Assignment: For the material below, reproduce exactly each line from the one that has "比赛一上来,双方都使出了浑身" through the one that has "Using a black", and no others; pictures stay out.

Task input:
* * *
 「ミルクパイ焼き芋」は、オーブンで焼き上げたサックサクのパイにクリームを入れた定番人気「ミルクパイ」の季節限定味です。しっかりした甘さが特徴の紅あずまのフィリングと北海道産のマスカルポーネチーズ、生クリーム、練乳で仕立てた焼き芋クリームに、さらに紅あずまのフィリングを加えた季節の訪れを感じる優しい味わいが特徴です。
* * *
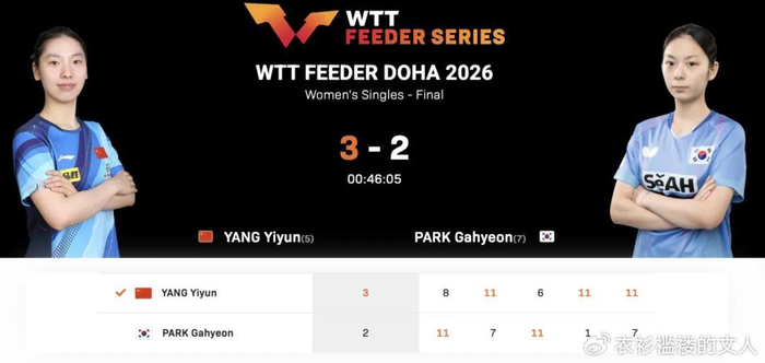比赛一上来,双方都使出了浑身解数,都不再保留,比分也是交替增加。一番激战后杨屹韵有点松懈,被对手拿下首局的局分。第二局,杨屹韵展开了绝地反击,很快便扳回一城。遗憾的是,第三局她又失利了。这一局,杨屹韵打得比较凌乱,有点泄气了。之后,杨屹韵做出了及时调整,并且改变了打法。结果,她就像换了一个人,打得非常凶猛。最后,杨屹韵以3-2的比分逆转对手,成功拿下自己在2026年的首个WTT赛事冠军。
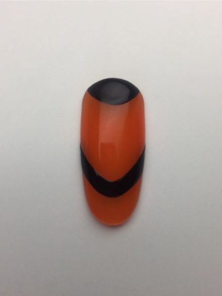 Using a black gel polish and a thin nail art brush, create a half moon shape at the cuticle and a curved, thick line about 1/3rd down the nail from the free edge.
* * *
Response area:
比赛一上来,双方都使出了浑身解数,都不再保留,比分也是交替增加。一番激战后杨屹韵有点松懈,被对手拿下首局的局分。第二局,杨屹韵展开了绝地反击,很快便扳回一城。遗憾的是,第三局她又失利了。这一局,杨屹韵打得比较凌乱,有点泄气了。之后,杨屹韵做出了及时调整,并且改变了打法。结果,她就像换了一个人,打得非常凶猛。最后,杨屹韵以3-2的比分逆转对手,成功拿下自己在2026年的首个WTT赛事冠军。
 Using a black gel polish and a thin nail art brush, create a half moon shape at the cuticle and a curved, thick line about 1/3rd down the nail from the free edge.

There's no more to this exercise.